DATA BELOW »
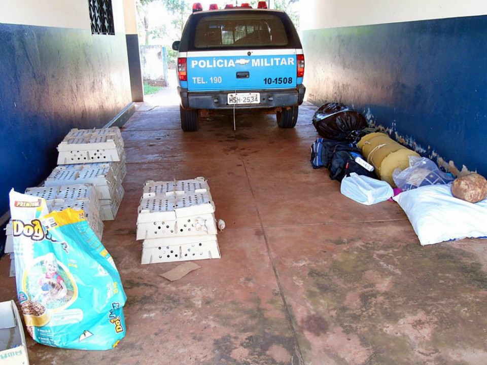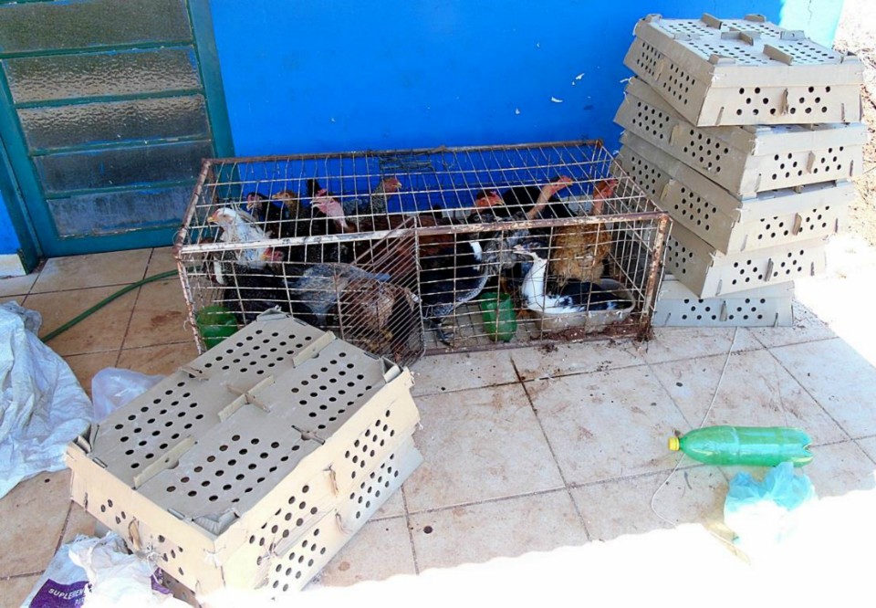 Com estas informações, a equipe de policia de Arapuá deslocou o autor até um posto de gasolina desativado no centro do distrito, onde havia um comparsa, cuidando de mais animais. Junto a ele foi encontrado aproximadamente 1400 pintinhos, uma gaiola de aço com 19 galinhas, três patos e um leitão.
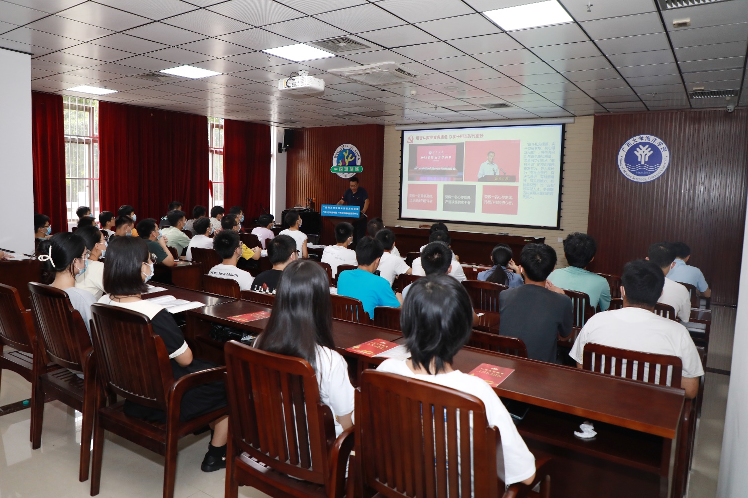 会上,党委书记谭运阳开展了《让青春在奋斗中闪光》为主题的党课。他首先阐述了奋斗是时代永恒的主题,永久奋斗是中国青年的优良传统,他以蔡和森、邓稼先、陈薇、黄文秀等共产党员的先进事迹为例讲述了一代代青年积极投身革命、建设、改革事业,谱写中华民族伟大复兴进程中激昂的青春乐章;其次,他分析了中国青年愿意追随着我们党的事业是因为我们党是全心全意为人民服务的政党,是为实现理想不懈奋斗的政党,是具有强大领导力和执政力的政党,是始终保持旺盛生机和活力的政党,是为人类和平与发展贡献力量的政党;再次,他提出希望,大学生要让奋斗的青春在党旗下闪光;最后,他告诉同学们怎样才能加入中国共产党。
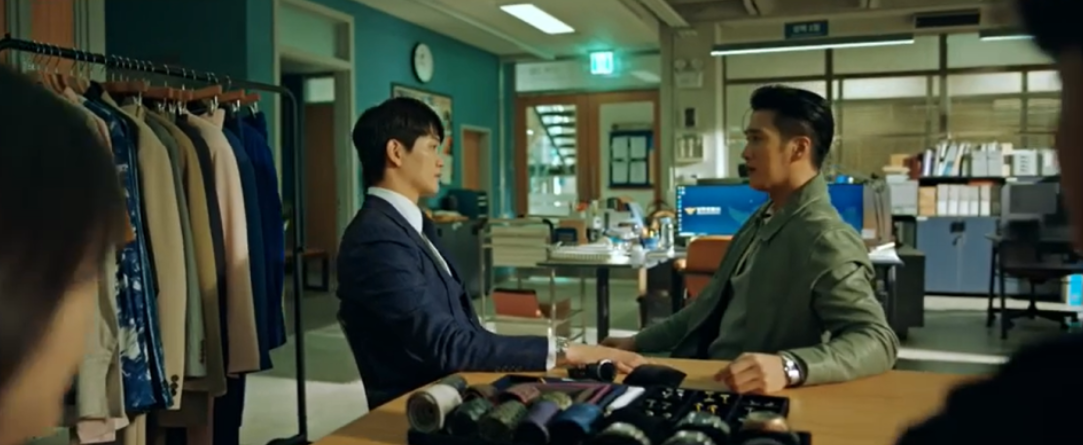 자시의 옷과 시계로 준영을 재벌남처럼 꾸며주는 이수.

TASK TO COMPLETE » Omit the pictures, then give all the lines above again exactly.

ANSWER TO THE PROBLEM »
 Com estas informações, a equipe de policia de Arapuá deslocou o autor até um posto de gasolina desativado no centro do distrito, onde havia um comparsa, cuidando de mais animais. Junto a ele foi encontrado aproximadamente 1400 pintinhos, uma gaiola de aço com 19 galinhas, três patos e um leitão.
 会上,党委书记谭运阳开展了《让青春在奋斗中闪光》为主题的党课。他首先阐述了奋斗是时代永恒的主题,永久奋斗是中国青年的优良传统,他以蔡和森、邓稼先、陈薇、黄文秀等共产党员的先进事迹为例讲述了一代代青年积极投身革命、建设、改革事业,谱写中华民族伟大复兴进程中激昂的青春乐章;其次,他分析了中国青年愿意追随着我们党的事业是因为我们党是全心全意为人民服务的政党,是为实现理想不懈奋斗的政党,是具有强大领导力和执政力的政党,是始终保持旺盛生机和活力的政党,是为人类和平与发展贡献力量的政党;再次,他提出希望,大学生要让奋斗的青春在党旗下闪光;最后,他告诉同学们怎样才能加入中国共产党。
 자시의 옷과 시계로 준영을 재벌남처럼 꾸며주는 이수.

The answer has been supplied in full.